**What to produce**
Without the pictures, give the records again exactly as they appear.

**Records from a data source**

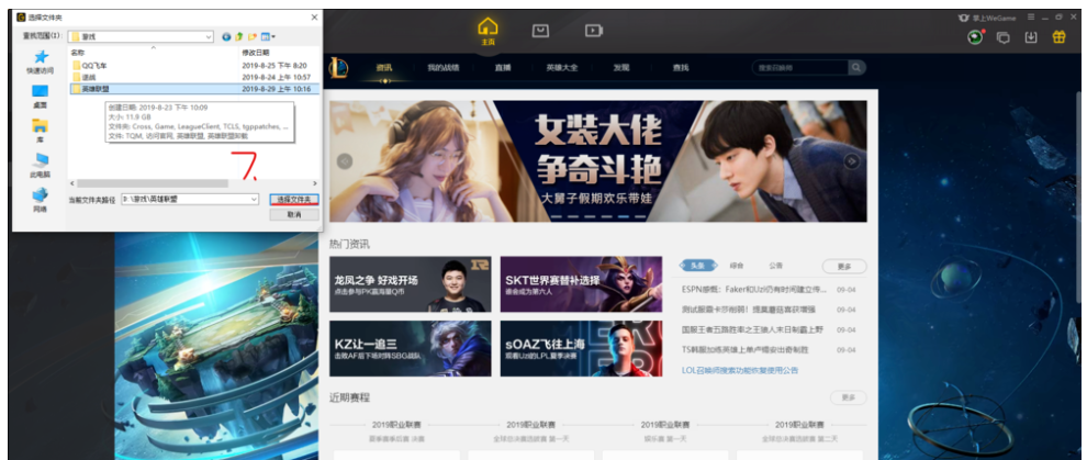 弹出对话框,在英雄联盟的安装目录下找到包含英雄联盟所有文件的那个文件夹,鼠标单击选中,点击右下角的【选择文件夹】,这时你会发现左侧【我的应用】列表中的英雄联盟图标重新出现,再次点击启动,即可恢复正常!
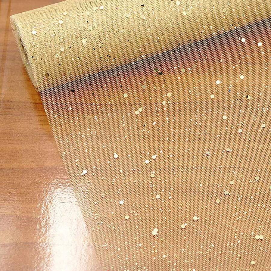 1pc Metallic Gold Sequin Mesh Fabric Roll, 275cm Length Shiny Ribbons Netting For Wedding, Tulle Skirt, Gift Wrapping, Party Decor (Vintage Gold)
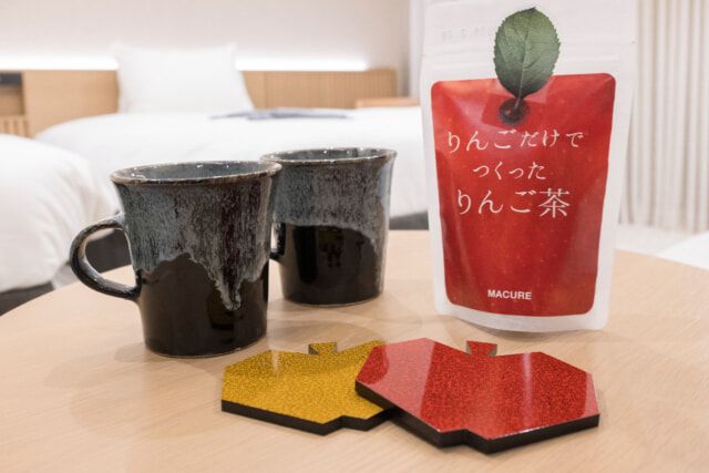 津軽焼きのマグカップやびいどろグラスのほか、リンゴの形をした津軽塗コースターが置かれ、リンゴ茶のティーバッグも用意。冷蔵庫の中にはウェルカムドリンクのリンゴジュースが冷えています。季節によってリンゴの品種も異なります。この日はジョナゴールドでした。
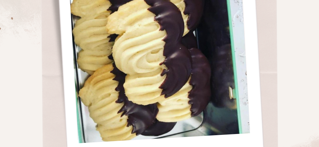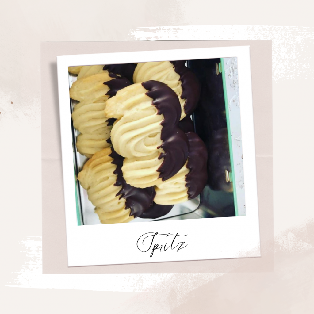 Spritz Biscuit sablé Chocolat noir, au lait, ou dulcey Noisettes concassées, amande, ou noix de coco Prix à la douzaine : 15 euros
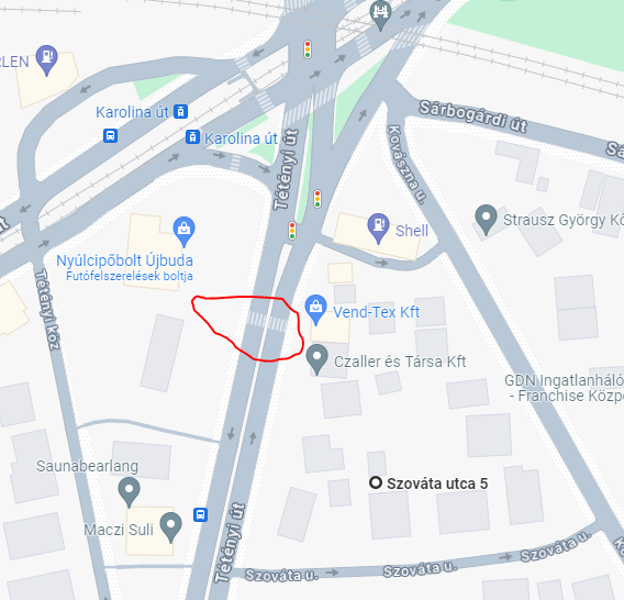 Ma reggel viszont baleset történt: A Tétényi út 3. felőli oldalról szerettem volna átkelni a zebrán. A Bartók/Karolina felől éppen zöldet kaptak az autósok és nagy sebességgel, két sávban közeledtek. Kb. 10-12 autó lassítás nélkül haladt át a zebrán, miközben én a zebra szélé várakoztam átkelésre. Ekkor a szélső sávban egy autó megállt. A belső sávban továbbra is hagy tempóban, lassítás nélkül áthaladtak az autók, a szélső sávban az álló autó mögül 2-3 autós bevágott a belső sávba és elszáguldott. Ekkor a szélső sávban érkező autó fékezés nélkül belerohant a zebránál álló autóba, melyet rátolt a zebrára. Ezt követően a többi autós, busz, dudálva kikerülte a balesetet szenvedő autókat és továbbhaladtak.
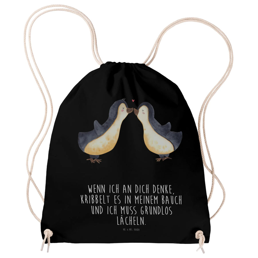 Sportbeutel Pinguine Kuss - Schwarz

**Output for this exercise**
 弹出对话框,在英雄联盟的安装目录下找到包含英雄联盟所有文件的那个文件夹,鼠标单击选中,点击右下角的【选择文件夹】,这时你会发现左侧【我的应用】列表中的英雄联盟图标重新出现,再次点击启动,即可恢复正常!
 1pc Metallic Gold Sequin Mesh Fabric Roll, 275cm Length Shiny Ribbons Netting For Wedding, Tulle Skirt, Gift Wrapping, Party Decor (Vintage Gold)
 津軽焼きのマグカップやびいどろグラスのほか、リンゴの形をした津軽塗コースターが置かれ、リンゴ茶のティーバッグも用意。冷蔵庫の中にはウェルカムドリンクのリンゴジュースが冷えています。季節によってリンゴの品種も異なります。この日はジョナゴールドでした。
 Spritz Biscuit sablé Chocolat noir, au lait, ou dulcey Noisettes concassées, amande, ou noix de coco Prix à la douzaine : 15 euros
 Ma reggel viszont baleset történt: A Tétényi út 3. felőli oldalról szerettem volna átkelni a zebrán. A Bartók/Karolina felől éppen zöldet kaptak az autósok és nagy sebességgel, két sávban közeledtek. Kb. 10-12 autó lassítás nélkül haladt át a zebrán, miközben én a zebra szélé várakoztam átkelésre. Ekkor a szélső sávban egy autó megállt. A belső sávban továbbra is hagy tempóban, lassítás nélkül áthaladtak az autók, a szélső sávban az álló autó mögül 2-3 autós bevágott a belső sávba és elszáguldott. Ekkor a szélső sávban érkező autó fékezés nélkül belerohant a zebránál álló autóba, melyet rátolt a zebrára. Ezt követően a többi autós, busz, dudálva kikerülte a balesetet szenvedő autókat és továbbhaladtak.
 Sportbeutel Pinguine Kuss - Schwarz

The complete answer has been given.